Я услышал шум у задней двери – той, которую Ина закрывала на висячий замок: звякнул металл, застонали петли (должно быть, один из полицейских подцепил дугу замка фомкой и дернул на себя). Скоро, совсем скоро замок проиграет, неизбежно проиграет эту схватку и люди из машины войдут в больницу.
Потащился к третьей двери, двери Ена, боковой двери, сбросил крючок и приоткрыл ее в слепой надежде, что снаружи никого нет. Снаружи никого не оказалось. Оба незваных гостя (если их было двое, а не больше) остались у заднего входа. Работая над замком, они перешептывались, и голоса их были едва слышны за лягушачьим хором и шелестом пальмовой листвы на ветру.

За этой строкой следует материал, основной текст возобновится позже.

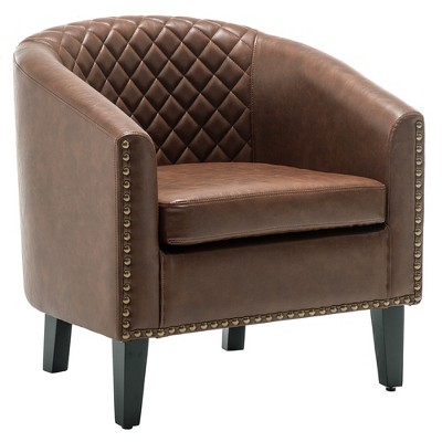 GDFStudio Cedric Mid-Century Modern Faux Leather Upholstered Single Sofa
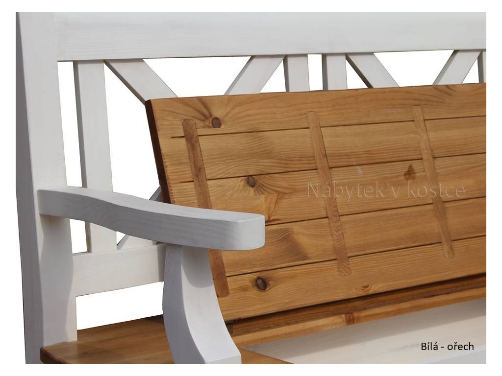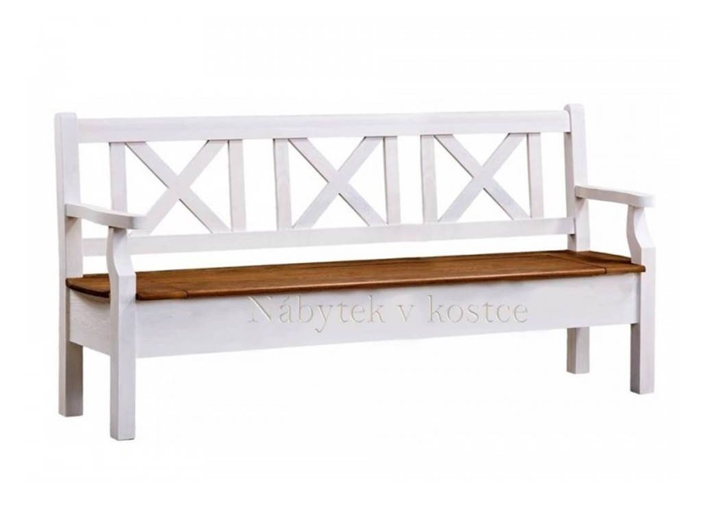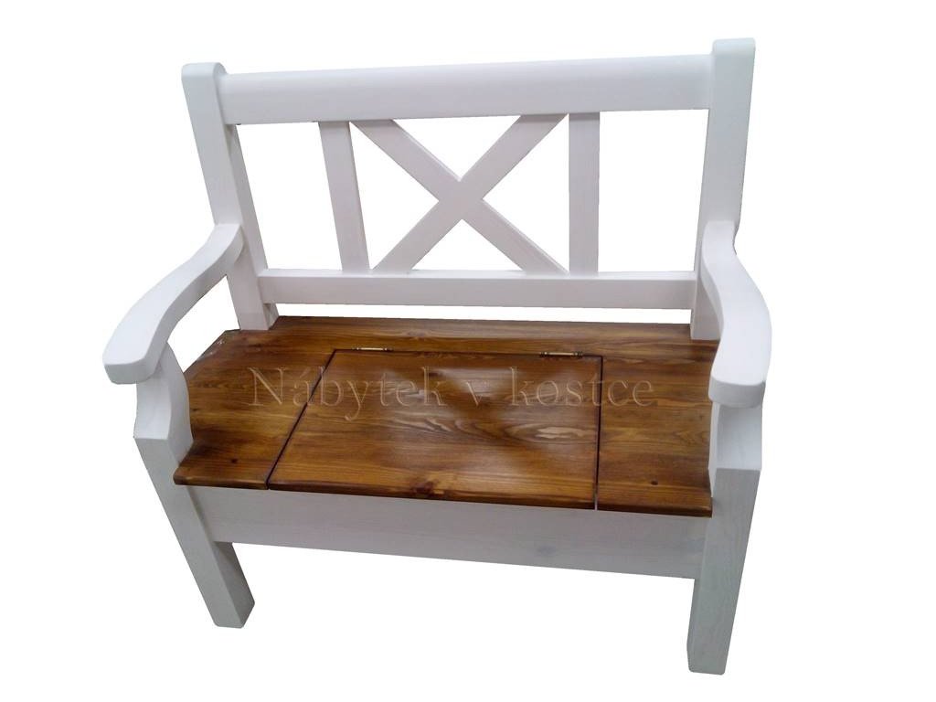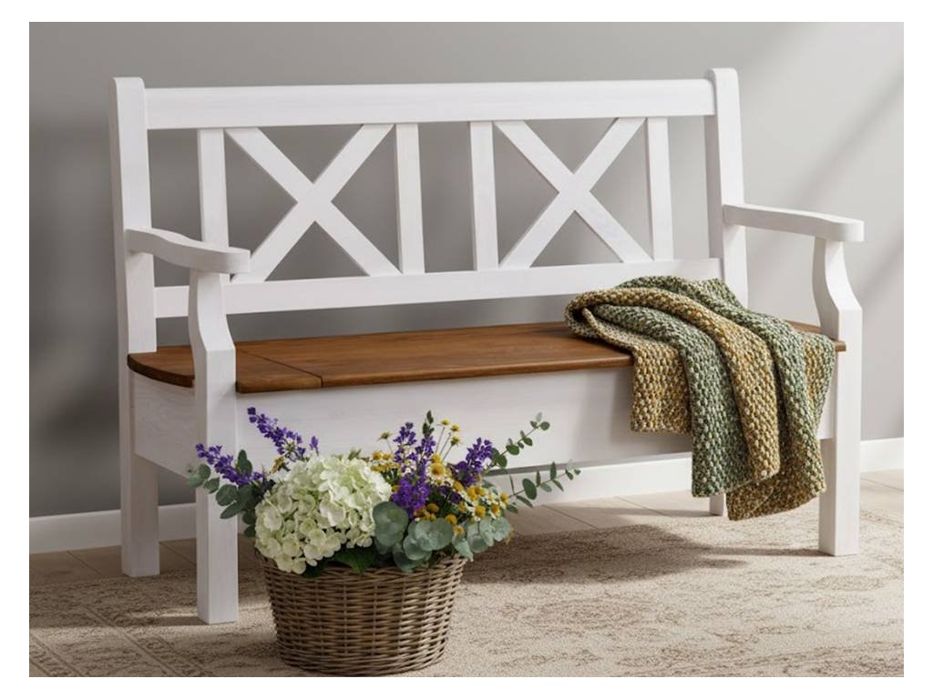 Rustikálna lavica SWEET HOME s úložným priestorom je vyrobený z masívneho borovicového dreva a je ošetrený bielou vodou riediteľnou farbou. Vrchnú dosku možno ošetriť voskom alebo lakom.

Я сомневался, смогу ли добраться до спасительного рисового поля, оставшись незамеченным. Что еще хуже, я не был уверен, что по пути сумею удержаться на ногах.
За спиной раздался гулкий грохот: висячий замок отскочил от двери.
«На старт, внимание, марш!» – Я подхватил чемоданы и, так и не обувшись, заковылял в звездную ночь.
Хлебосольство
– Ты это видел?
Едва я вошел в лазарет «Перигелия», Молли Сиграм махнула рукой на стойку. На ее лице было написано: «Плохие новости», а на стойке лежал свежий глянцевый выпуск ведущего новостного журнала с портретом Джейсона на обложке. Заголовок гласил: «Человек-загадка: кто скрывается за публичным образом проекта „Перигелий“».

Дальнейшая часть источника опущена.